How many CPU’s should I request
Remember that many scripting programs (including python and R) will only use 1 CPU unless you have set up your script/job to run in parallel (i.e. on multiple CPU’s at once). If your job is not set up to run in parallel then requesting multiple CPU’s can slow down process time, as the scheduler will wait until multiple CPU’s are avaliable before submitting your job.
It is also worth considering the trade off between number of CPU’s and time spent waiting in queue. For example, your job takes 3 hours to run on 4 CPU’s, and the queue time may only be 1 hour. If you use 12 CPU’s, your job takes 1 hour to run, BUT, the queue time may be 12 hours as the scheduler needs to wait until 12 CPU’s are available. So its a good idea to first check the amount of usage on the HPC, it might be busy, or it might be free.
Check usage on the HPC nodes
Sometimes the HPC is busy (especially during sememster break when researchers don’t have teaching commitments), and sometimes the HPC is quiet.

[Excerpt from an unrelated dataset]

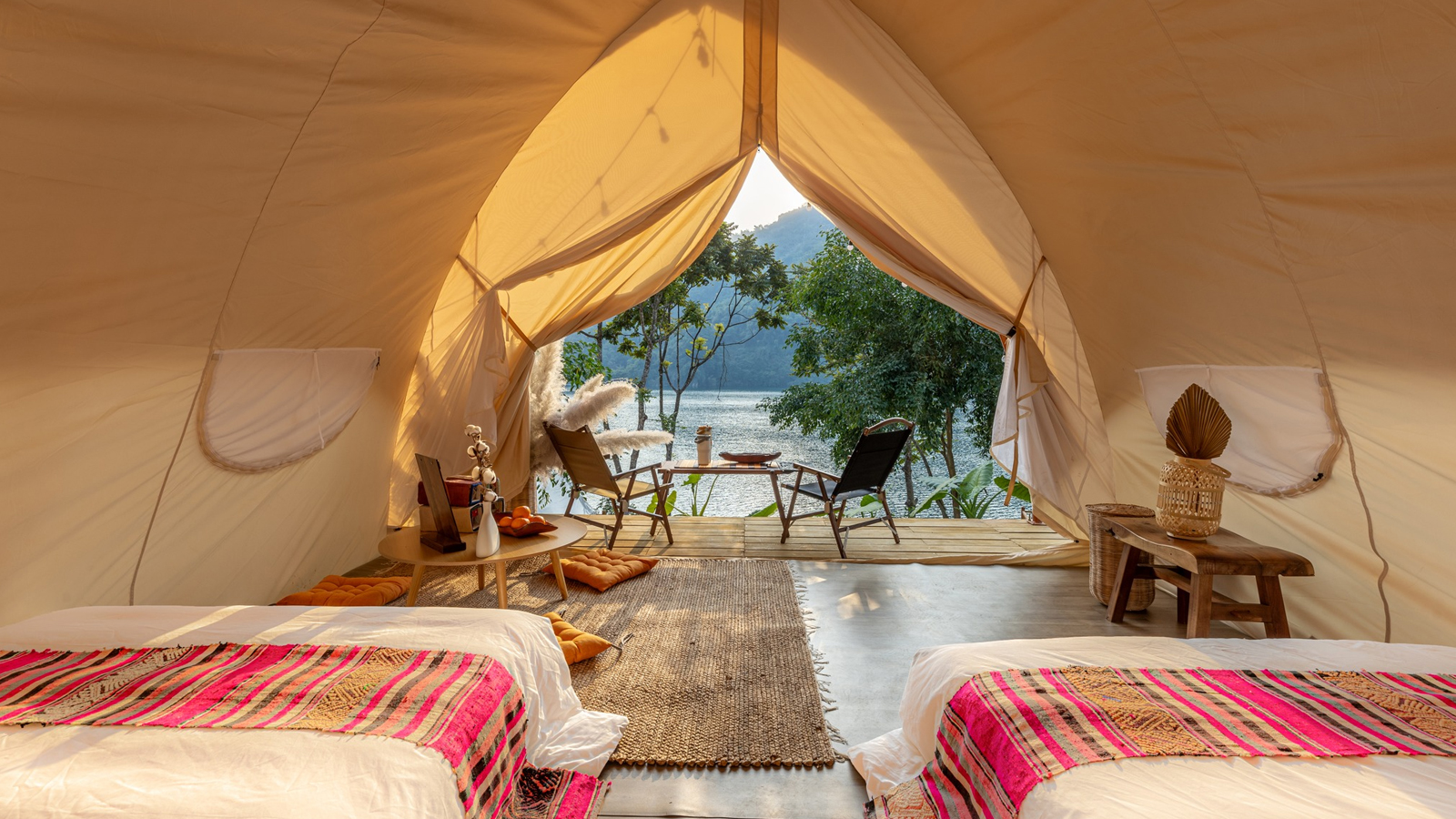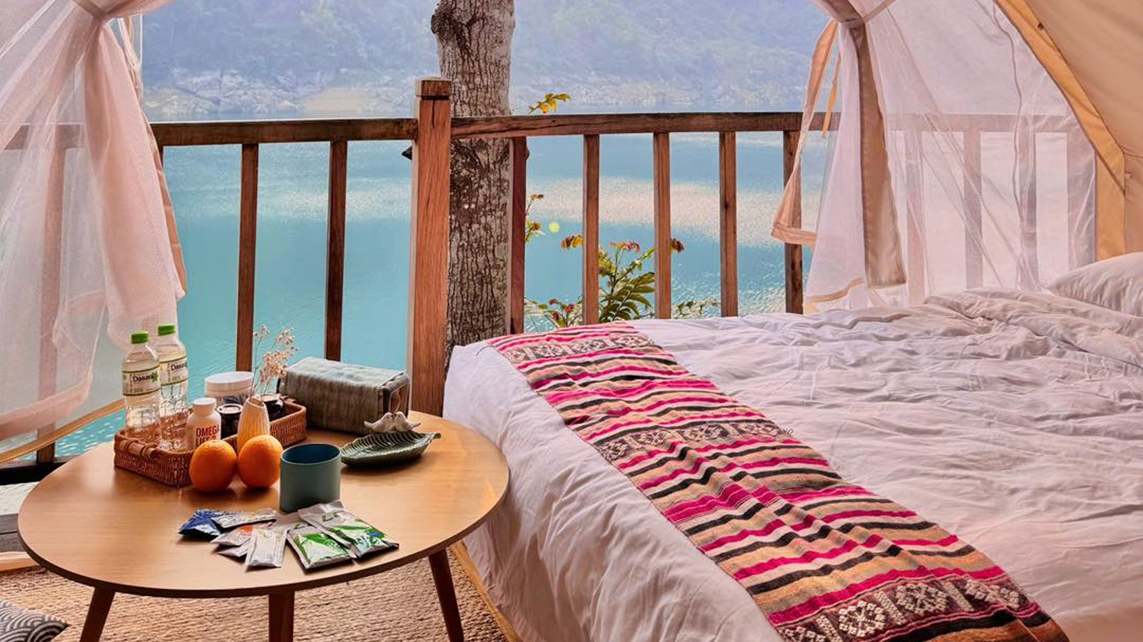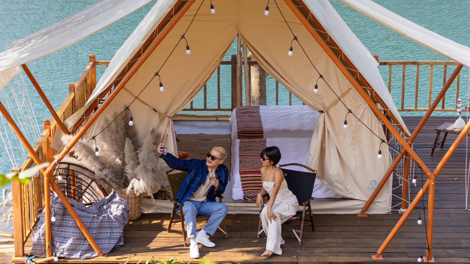 Tắm bồn thư giãn từ những căn lều xinh xắn, view núi hồ lãng mạn

How do you check the current status of the cluster? On the login node, you can run a few commands to see a list of the nodes. Please note that not all nodes are available to all users. Only a subset is available.
[s1234567@clogin1.rcs.griffith.edu.au ~]$ qhost
This command will give an indication of the currently available resources.
[s1234567@clogin1.rcs.griffith.edu.au ~]$ pbsnodes -aSj
This command will give the queue configuration
[s1234567@clogin1.rcs.griffith.edu.au ~]$ qstat -q
You can run your job on a specific node using one of the following commands in your scheduler script.
#PBS -l nodes = 'node_name'
#PBS --constraint = 'node_name'
How would you estimate resources for the following jobs
You have 500 DNA samples, you want to run each sample independently through a bioinformatics script that you wrote.
Solution
Are the samples all the same size? If so then run several random samples through your bioinformatics script, take note on how long each run took, average the times if nesecarry. Then linearly scale that time up to 500 samples, add some more time for good measures.
You have a single DNA sample and a bioinformatics script runs 1000 simulations on it.
Solution
Does each simulation take about the same amount of time to run? Not sure then check. Take the time/average time to run 1 simulation and linearly scale it up to 1000, and add some extra time for good measure.
You have a 100 DNA samples and a bioinformatics script that runs 1000 simulations on each sample.
Solution
Does each simulation and each sample take about the same amount of time to run? Not sure then check. Take the time/average time to run 1 simulation on one sample and linearly scale it up to 100 samples and 1000 simulations, and add some extra time for good measure.
You have a 100 DNA samples and your bioinformatics script does some one-off preprocessing on each sample then runs it through 1000 simulations.
Solution
Does each simulation and each sample take about the same amount of time to run? Not sure then check. Assuming that they take the same amount of time. Take the time:
- to preprocess each DNA sample once, this will be scaled up to 100 samples (as it only runs once).
- to run 1 simulation on one sample, linearly scale it up to 100 samples and 1000 simulations
- add some extra time for good measure.